Ahwatukee Foothills News
- Type: Weekly newspaper
- Format: Broadsheet
- Owner: Times Media Group
- Publisher: Steve Strickbine
- Editor: Paul Maryniak
- Founded: 1976
- Language: English
- Headquarters: 1620 W. Fountainhead Parkway, Ste. 219 Tempe, AZ 85282 US
- Circulation: 27,684 (as of 2022)
- Website: ahwatukee.com

= Ahwatukee Foothills News =

Weekly newspaper in Phoenix, Arizona, US

The Ahwatukee Foothills News is a weekly newspaper that serves the Ahwatukee district of the city of Phoenix. Its education and sports coverage mainly revolves around the two high schools serving the district: Mountain Pointe High School and Desert Vista High School (both part of the Tempe Union High School District).

The paper is delivered every Wednesday and boasts a circulation of 28,000.

== History ==
In 1976, Bruce Gillam, president of Presley Development Company, hired the Leslie Riell Publishing Company to create a monthly newsletter to promote Ahwatukee, Phoenix. where Presley was constructing homes. In 1978, the paper was renamed to the Ahwatukee News. A few years later editor Clay Schad bought the paper from Riell.

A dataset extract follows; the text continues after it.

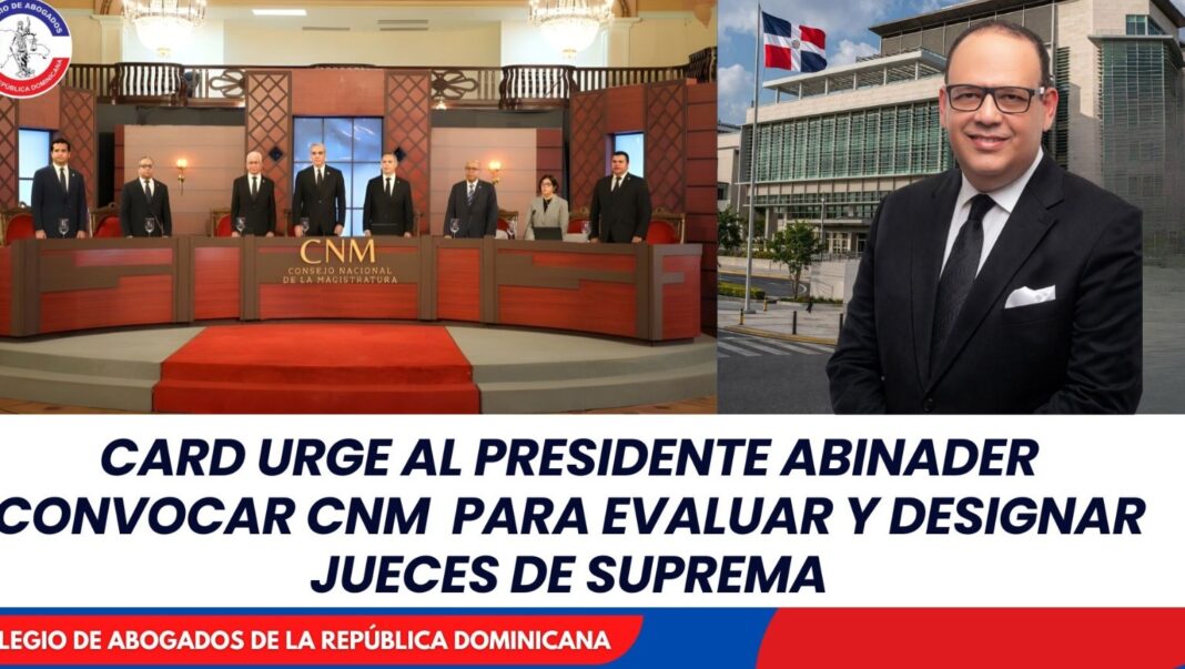Santo Domingo: – El Colegio de Abogados de la República Dominicana (CARD) pidió al presidente de la República, Luis Abinader, en su condición de presidente del Consejo Nacional de la Magistratura (CNM), a convocar de manera urgente a ese órgano constitucional para iniciar el proceso de evaluación y selección de los nuevos integrantes de la Suprema Corte de Justicia (SCJ).

In 1988, the paper once again changed its name, this time to the Ahwatukee Weekly News. The current incarnation is the Ahwatukee Foothills News. In November 1998, Thompson Newspaper bought the News for $3.5 million. At that time the paper had a circulation of 28,000.

In 2000, Freedom Communications purchased all the newspapers in Arizona owned by Thomson. The sale included the Ahwatukee Foothills News, East Valley Tribune and Yuma Sun. In 2009, Freedom Communications filed for Chapter 11 Bankruptcy. In 2010, the company sold the East Valley Tribune, the Daily News-Sun, the Ahwatukee Foothills News, Glendale/Peoria Today and Surprise Today to 10/13 Communications. In 2016, Times Media Group acquired the East Valley Tribune and Ahwatukee Foothills News from 10/13 Communications.